(Provided information)

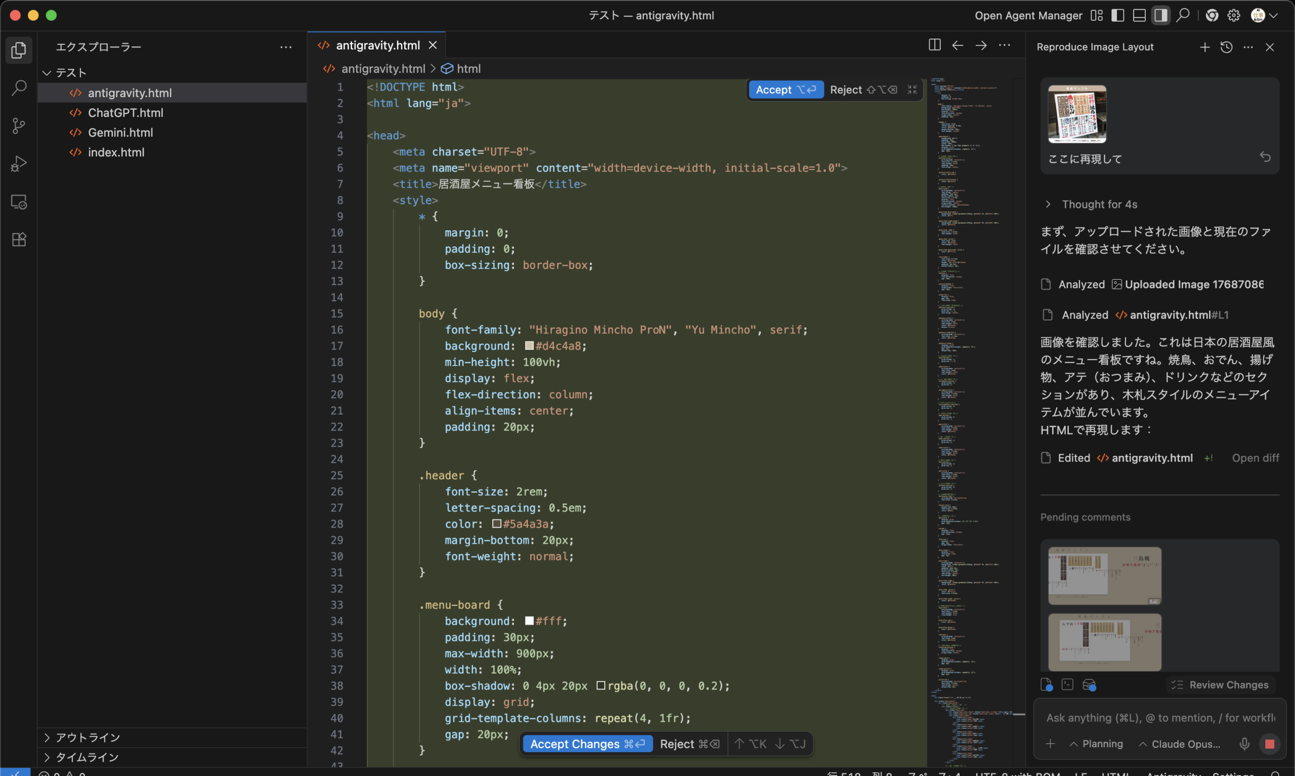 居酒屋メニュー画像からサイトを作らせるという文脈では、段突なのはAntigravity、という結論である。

(End Provided information)
(Provided information)

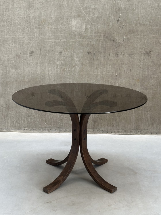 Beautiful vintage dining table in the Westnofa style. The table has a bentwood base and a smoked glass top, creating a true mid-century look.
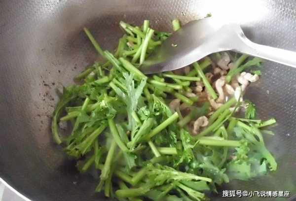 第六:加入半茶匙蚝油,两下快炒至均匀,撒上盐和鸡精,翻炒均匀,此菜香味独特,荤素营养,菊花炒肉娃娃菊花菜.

(End Provided information)

# About this exercise:
In the listing above, find the line containing "Beautiful vintage dining" and the line containing "第六:加入半茶匙蚝油,两下快", then return both of them and every line between, exactly, without pictures.

# Exercise result:
 Beautiful vintage dining table in the Westnofa style. The table has a bentwood base and a smoked glass top, creating a true mid-century look.
 第六:加入半茶匙蚝油,两下快炒至均匀,撒上盐和鸡精,翻炒均匀,此菜香味独特,荤素营养,菊花炒肉娃娃菊花菜.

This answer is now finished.